Karnataka’s ₹391 crore plan to dump pollution from Bengaluru on farmers in Kanakapura
The Hindu
Karnataka's ₹391 crore Byramangala reservoir revival plan fails to address the root causes of Vrishabhavati river pollution, reports Mapping Malnad.
A recently released report alleges that the Karnataka government’s proposal of a ₹391 crore plan to revive the long-contaminated Byramangala reservoir reveals a fundamental disconnect from pollution reality, and fails to address the source of the pollution that has turned into a Vrishabhavati river toxic stream.
Published by Mapping Malnad, a citizen-led platform for research, advocacy and dialogue to protect the Western Ghats, the report throws light on the river’s worsening condition, and how the river’s pollutants also make their way into vegetables, feed, and even animal and human bodies, turning it into a public health crisis.

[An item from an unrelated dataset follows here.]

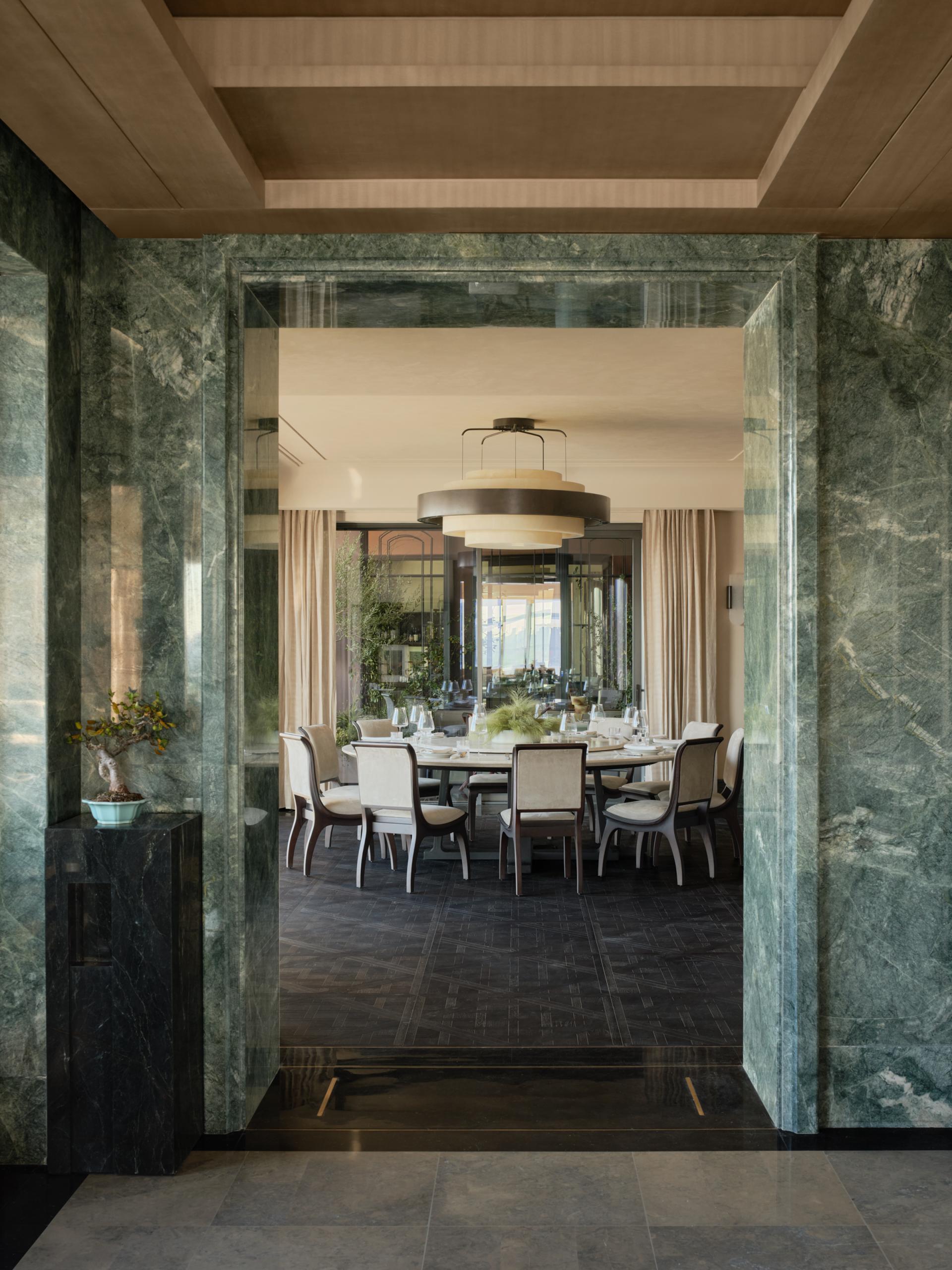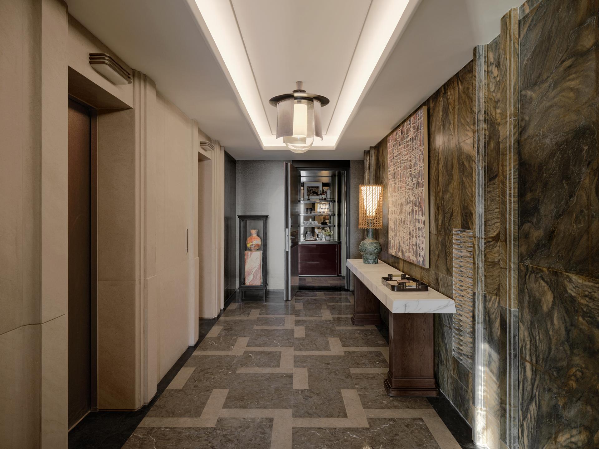 The residential space is formed by combining two separate units. After merging and reorganizing two symmetrical layouts, the various areas remain interconnected yet independent, achieving a gradual transition from universality to individuality, and from public to private. A circular flow begins at the elevator lobby: as two separate units are combined into one, the elevator lobby transforms from a public area into a private space, integrating into the hierarchy and order of the residence.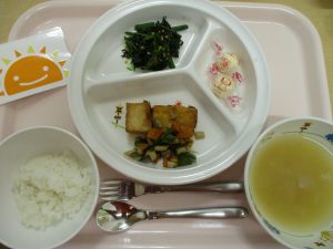 ※厚揚げのステーキの厚揚げは、トースターや魚焼きグリルで焼いてから、子どもが食べやすい大きさに切っても良いです。子どもが食べやすい大きさの目安は、子ども用のスプーンにのる位の大きさです。

The Vrishabhavathi today is not a river in the conventional sense — it is an urban channel of waste and wastewater,” states the report.
According to the researchers, the approximately 69 km-long river collects nearly 500 MLD of toxic wastewater along with massive quantities of solid waste from urban, industrial, and rural settlements before being impounded behind the Byramangala dam near Bidadi.
In 2019, the government of Karnataka began efforts to execute a ₹110-crore project to construct a diversion weir and channel to direct water from Vrishabhavati to Arkavati river without entering the Byramangala reservoir.
Byramangala reservoir reduces the pollution load of the Vrishabhavati by naturally filtering several pollutants. The government’s diversion project would have eliminated this step. The diversion project was being pushed even as the recommendations of a 2018 CPCB report and a 2019 KSPCB Action Plan to address the root cause of the problem remained largely unimplemented.